A Matter Of Discipline

Corruption – not the prettiest of words, but a word that has been to the fore in recent weeks with several high profile disciplinary panels sitting and pronouncing.

Their verdicts have been nothing, if not, controversial and have posed more questions than answers.

The biggest anomaly has been the varying punishments handed out.

Trainer Karl Burke has been handed one year disqualification for associating with a disqualified individual. The disciplinary panel verdict makes good reading and one can see, and agree, with their reasoning and the punishment handed out.

Contrast Burkes punishment to that handed down to jockey Fergal Lynch. A jockey who admitted throwing races, in most eyes one of the most heinous crimes in the sport, outside being cruel to horses.  Yet he was able to ‘plea bargain’ a, or him, modest fine and a informal agreement not to ride in this country for a year.

Yet he was, until the US authorities intervened, able to continue his career overseas. His “punishment” made an absolute mockery of the disciplinary process. He should have faced a “minimum” worldwide ban from all aspects of racing for five years and when that ban was over still never be able to ride for life.  

Paul Struthers who is the BHA’s official spokesman, who must surely have one of the most difficult and unenviable jobs in PR, says the BHA are currently reviewing the penalty structure – and not before time.

However reviewing the structure is one thing, implementing it is another.

Disciplinary hearings are heard by independent panels who, even now, err on the side of extreme caution and frequently come in with punishments below the recommended entry points.

Yes the authorities are in a difficult position.

We are now living in a society where litigation is commonplace and those facing bans which will effectively deprive them of their livelihoods, will fight such decisions in the courts – after all what have they to lose?

The authorities, reluctant to incur costs or attract bad publicity, will then fight shy of legal action and compromise.    

Therein lies a vicious circle.

The answer. Review the rules and punishments, ensuring they are fair and the punishment fits the crime. Also ensure the penalties are legally enforceable taking into account relevant legislation.

Ensure there is a fair an open disciplinary process. I am not advocating public hearings but allow a press presence – it can be a single pooled reporter to prevent the hearing becoming some form of freak show – with reporting being on the same basis as criminal cases to protect all parties.

Allow an adequate appeals process.

When due process is complete, if the individual then wants to take legal action it should be challenged and fought all the way by the authorities.

If the process is correct and the punishment deemed appropriate by the authorities then they should have nothing to fear, it should stand up to scrutiny in the courts. By standing up to and contesting such actions it will send out the message the authorities mean business. It will only need one or two failed court actions by corrupt trainers or jockeys for the message to be clearly sent out that corruption will not be tolerated.

In this mornings Racing Post I read the Racecourse Association Chief Executive, Stephen Atkins, is suggesting racecourses should take responsibility for integrity. I have never heard such a half baked suggestion and if that is the sort of suggestion emerging from the racecourses then I despair for the future of the sport.

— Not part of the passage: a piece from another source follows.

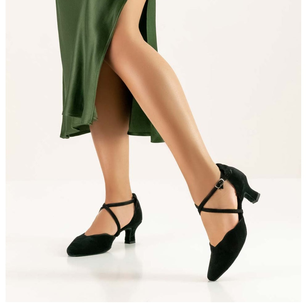 Velmi elegantní a pohodlná taneční obuv od Anna Kern s jemně zakřivenou filigránskou přední částí. Bota má individuálně nastavitelné extravagantní zkřížené pásky přes nárt a kolem paty, které zajišťují dokonalé a mimořádně pohodlné přizpůsobení noze.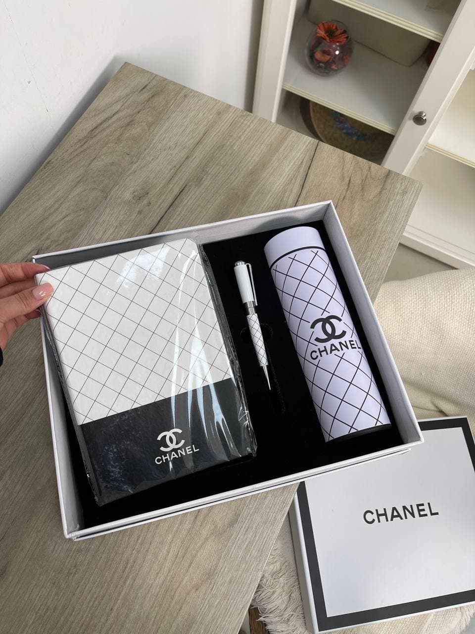 Набор ежедневник с термосом LUX-61857 от CHANEL представляет собой стильный и практичный комплект для деловых людей и любителей элегантных аксессуаров. Дизайн набора выдержан в классическом стиле бренда, что делает его отличным подарком.

Integrity is the responsibility of the central authority, in this case the BHA. Having different courses looking after integrity would be farcical.

Atkins has already admitted it could be “more cost-effective” for that read lower priority.

Racecourses already employ Clerks Of Courses and we already know the pressure they come under to race at almost all costs – regardless of the integrity and safety of the course.

Most Clerks will admit, off the record of course, they come under pressure to race when the decisions are borderline. After all it is financially better for the courses to get one race run, thus avoiding the need to refund customers, than to abandon before racing.

Can you imagine a similar scenario with integrity – would a particular course want the stigma of having an iffy race run on their track? Would they turn a blind eye to borderline infringements?    

For all its faults I would much rather have integrity controlled, managed and financed centrally.